I was gonna deliver tomorrow but scheduling didn't work out so I had to deliver today.

Tomorrow would have been an awesome day. Schlepping 20-pound turkeys along with cases of sodas and water up 3 flights of stairs all day long. I haven't made it to the gym this week so that would have been sweet. :roflmao:



kingcorey321 said:


> Do we all agree walmart is worse then Mc donalds ? .


I'm not sure yet. McD's is where my parking lot tantrum happened today.


----------



## Monkeyman4394 (Jun 27, 2020)

MHR said:


> I was gonna deliver tomorrow but scheduling didn't work out so I had to deliver today.
> 
> Tomorrow would have been an awesome day. Schlepping 20-pound turkeys along with cases of sodas and water up 3 flights of stairs all day long. I haven't made it to the gym this week so that would have been sweet. :roflmao:
> 
> I'm not sure yet. McD's is where my parking lot tantrum happened today.


There was a tantrum?


----------



## MHR (Jul 23, 2017)

Monkeyman4394 said:


> There was a tantrum?


Of sorts :redface:

https://uberpeople.net/threads/could-a-restaurant-get-me-kicked-off-doordash.419999/


----------



## MHR (Jul 23, 2017)

If I was still driving pax right now I would have loved this Walgreens' order. It would have taken me into the territory next door where the University is along with a higher rate card for Uber and Lyft but it would have taken me out of my DD territory.


----------



## Wildgoose (Feb 11, 2019)

Oh.. Lady,
DD makes you keep busy doing Screen Shot and keep making you frustrated. 😂 😂 
Can you opt out grocery delivery from DD?


----------



## MHR (Jul 23, 2017)

Wildgoose said:


> Can you opt out grocery delivery from DD?


I wish. :frown:


----------



## MHR (Jul 23, 2017)

WooHoo! It's Monday which means it's time for our newest installment of "For Your Amusement", brought to you by moi, the lovely and talented MHR.

After last weeks episode, I realized y'all were probably growing tired of the same ole screenshots of the 111 item orders DD keeps tossing my way. Well we have good news my fellow Deliverites for today I bring you a new episode titled "What fresh Hell is this?"










Now, my limited experience with the few in store pickups I've done is not good. It might not always be this way but this is my experience...

A) you have to find parking and go *inside *Walmart, otherwise known as the 7th level of Hell.
B) you have to scan the items you are given
C) upon arrival at the dropoff you have to call the recipient
D)at this point it's gets confusing because most people don't even know that their item is being delivered, they think it's coming via UPS, FedEx or the USPS
E) you scan the item AGAIN
F) you take a picture 
G) you hit submit and hope you don't end up in some neverending loop of retaking your photo to complete the delivery and
H) most important of all is NO ONE EVER TIPS ON THESE ORDERS.

Today sucked. 
That is all.


----------



## Wildgoose (Feb 11, 2019)

MHR said:


> WooHoo!
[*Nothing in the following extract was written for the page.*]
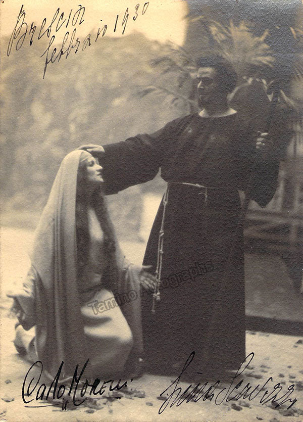 Chilean baritone (1897-1970) and Italian soprano (1898-?), double signed photograph, shown in roles in Massenet's Thais, dated in Brescia in 1930. Size is 5 x 7 inches, mounting traces on verso, otherwise in very good condition.

It's Monday which means it's time for our newest installment of "For Your Amusement", brought to you by moi, the lovely and talented MHR.
> 
> After last weeks episode, I realized y'all were probably growing tired of the same ole screenshots of the 111 item orders DD keeps tossing my way. Well we have good news my fellow Deliverites for today I bring you a new episode titled "What fresh Hell is this?"
> 
> ...


Do you ever want to try Amazon delivery?
I bet it would be better than DD.
I've heard that when there is none to be made delivery after you accepted the blocks, Amazon pays in full without needing delivery.
I am considering to do that but I worry that my Honda Accord might not have enough room for bigger packages.


----------



## MHR (Jul 23, 2017)

Wildgoose said:


> Do you ever want to try Amazon delivery?
> I bet it would be better than DD.
> I've heard that when there is none to be made delivery after you accepted the blocks, Amazon pays in full without needing delivery.
> I am considering to do that but I worry that my Honda Accord might not have enough room for bigger packages.


I've thought about it but I don't know how to look into it. All of our Amazon deliveries to our home are made by people driving the Amazon Prime Vans.


----------



## Wildgoose (Feb 11, 2019)

MHR said:


> I've thought about it but I don't know how to look into it. All of our Amazon deliveries to our home are made by people driving the Amazon Prime Vans.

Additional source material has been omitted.